======== MATERIAL PROVIDED

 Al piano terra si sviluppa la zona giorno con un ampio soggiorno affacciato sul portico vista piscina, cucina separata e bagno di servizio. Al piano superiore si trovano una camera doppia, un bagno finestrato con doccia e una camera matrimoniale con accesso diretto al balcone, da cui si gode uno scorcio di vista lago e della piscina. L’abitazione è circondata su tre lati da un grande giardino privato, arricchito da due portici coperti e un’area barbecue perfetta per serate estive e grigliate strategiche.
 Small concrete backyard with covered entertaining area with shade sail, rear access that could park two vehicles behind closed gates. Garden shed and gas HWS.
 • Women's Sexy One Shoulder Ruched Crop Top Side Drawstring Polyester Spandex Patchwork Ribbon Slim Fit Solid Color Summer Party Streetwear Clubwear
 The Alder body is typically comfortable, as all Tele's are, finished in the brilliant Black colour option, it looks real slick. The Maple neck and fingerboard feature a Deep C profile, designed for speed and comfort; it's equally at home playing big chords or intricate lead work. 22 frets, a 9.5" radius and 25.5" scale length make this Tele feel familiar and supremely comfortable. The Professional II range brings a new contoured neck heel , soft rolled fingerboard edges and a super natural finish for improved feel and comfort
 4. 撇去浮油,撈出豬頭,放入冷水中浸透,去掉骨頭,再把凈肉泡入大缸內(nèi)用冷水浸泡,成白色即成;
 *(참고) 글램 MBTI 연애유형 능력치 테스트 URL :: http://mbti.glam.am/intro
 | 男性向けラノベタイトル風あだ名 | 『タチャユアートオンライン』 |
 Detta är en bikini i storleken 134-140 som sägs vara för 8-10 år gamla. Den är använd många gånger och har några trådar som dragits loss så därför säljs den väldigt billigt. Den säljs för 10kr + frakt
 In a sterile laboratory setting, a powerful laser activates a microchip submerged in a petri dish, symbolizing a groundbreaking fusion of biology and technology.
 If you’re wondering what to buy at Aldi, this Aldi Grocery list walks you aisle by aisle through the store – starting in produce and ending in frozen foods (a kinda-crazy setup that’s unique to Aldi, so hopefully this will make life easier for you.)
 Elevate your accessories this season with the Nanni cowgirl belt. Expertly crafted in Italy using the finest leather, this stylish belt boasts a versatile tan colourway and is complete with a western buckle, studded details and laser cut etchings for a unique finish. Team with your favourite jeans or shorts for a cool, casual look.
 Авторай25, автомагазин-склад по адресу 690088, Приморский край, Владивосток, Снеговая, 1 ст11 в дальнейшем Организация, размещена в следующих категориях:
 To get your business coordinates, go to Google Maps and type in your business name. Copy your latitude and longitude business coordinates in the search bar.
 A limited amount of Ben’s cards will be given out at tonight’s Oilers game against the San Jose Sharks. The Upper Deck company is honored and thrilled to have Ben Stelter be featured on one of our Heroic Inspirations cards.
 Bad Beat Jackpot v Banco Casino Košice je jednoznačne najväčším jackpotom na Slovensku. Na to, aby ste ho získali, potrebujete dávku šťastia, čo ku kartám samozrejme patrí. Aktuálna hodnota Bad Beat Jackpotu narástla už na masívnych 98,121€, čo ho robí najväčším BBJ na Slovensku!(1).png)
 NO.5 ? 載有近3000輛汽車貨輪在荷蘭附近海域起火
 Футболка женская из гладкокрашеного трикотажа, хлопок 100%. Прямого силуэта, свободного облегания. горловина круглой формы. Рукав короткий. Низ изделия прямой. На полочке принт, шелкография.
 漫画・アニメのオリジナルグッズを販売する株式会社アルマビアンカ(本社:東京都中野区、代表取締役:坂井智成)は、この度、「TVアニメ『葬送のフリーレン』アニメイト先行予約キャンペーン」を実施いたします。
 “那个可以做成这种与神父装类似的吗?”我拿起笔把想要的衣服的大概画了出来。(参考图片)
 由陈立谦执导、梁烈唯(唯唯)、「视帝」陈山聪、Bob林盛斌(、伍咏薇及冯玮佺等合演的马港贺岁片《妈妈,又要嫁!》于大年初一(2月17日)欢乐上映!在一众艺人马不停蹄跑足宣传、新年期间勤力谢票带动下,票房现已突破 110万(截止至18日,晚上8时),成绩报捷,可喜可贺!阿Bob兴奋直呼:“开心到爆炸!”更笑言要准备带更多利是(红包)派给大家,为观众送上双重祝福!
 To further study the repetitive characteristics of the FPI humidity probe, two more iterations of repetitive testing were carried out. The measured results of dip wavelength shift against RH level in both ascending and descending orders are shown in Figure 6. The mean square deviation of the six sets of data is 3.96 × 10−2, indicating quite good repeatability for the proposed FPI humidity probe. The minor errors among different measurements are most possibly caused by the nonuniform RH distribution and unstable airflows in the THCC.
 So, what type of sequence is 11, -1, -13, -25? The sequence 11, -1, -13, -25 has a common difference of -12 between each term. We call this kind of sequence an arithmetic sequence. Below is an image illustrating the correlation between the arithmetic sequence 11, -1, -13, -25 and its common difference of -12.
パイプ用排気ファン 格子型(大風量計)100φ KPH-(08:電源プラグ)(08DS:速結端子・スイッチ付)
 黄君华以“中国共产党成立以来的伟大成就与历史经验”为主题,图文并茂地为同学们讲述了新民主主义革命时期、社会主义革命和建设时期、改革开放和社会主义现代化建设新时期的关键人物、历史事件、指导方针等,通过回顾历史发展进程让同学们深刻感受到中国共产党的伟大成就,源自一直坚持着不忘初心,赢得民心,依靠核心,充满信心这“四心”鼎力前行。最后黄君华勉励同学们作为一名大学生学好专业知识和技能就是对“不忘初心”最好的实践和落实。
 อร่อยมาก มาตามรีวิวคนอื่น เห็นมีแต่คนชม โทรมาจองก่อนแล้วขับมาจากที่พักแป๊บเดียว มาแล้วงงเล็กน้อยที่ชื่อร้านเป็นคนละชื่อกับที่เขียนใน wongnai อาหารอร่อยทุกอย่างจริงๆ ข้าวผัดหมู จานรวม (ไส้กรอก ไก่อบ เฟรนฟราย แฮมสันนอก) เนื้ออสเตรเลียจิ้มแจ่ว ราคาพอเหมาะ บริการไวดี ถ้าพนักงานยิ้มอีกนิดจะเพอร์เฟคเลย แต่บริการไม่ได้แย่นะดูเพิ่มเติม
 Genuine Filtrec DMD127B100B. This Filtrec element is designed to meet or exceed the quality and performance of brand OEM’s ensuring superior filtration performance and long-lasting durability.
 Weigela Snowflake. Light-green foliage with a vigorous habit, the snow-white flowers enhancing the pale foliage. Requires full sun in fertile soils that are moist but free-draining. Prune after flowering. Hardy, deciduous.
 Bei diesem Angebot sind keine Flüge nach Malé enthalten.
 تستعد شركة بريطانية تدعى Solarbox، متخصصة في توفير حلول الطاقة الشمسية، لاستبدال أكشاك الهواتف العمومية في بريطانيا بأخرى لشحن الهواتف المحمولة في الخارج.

================

• TASK TO CARRY OUT: The required output is the exact run of lines from the beginning of the records to the line with "Party Streetwear Clubwear", that line included.

• TASK OUTPUT:
 Al piano terra si sviluppa la zona giorno con un ampio soggiorno affacciato sul portico vista piscina, cucina separata e bagno di servizio. Al piano superiore si trovano una camera doppia, un bagno finestrato con doccia e una camera matrimoniale con accesso diretto al balcone, da cui si gode uno scorcio di vista lago e della piscina. L’abitazione è circondata su tre lati da un grande giardino privato, arricchito da due portici coperti e un’area barbecue perfetta per serate estive e grigliate strategiche.
 Small concrete backyard with covered entertaining area with shade sail, rear access that could park two vehicles behind closed gates. Garden shed and gas HWS.
 • Women's Sexy One Shoulder Ruched Crop Top Side Drawstring Polyester Spandex Patchwork Ribbon Slim Fit Solid Color Summer Party Streetwear Clubwear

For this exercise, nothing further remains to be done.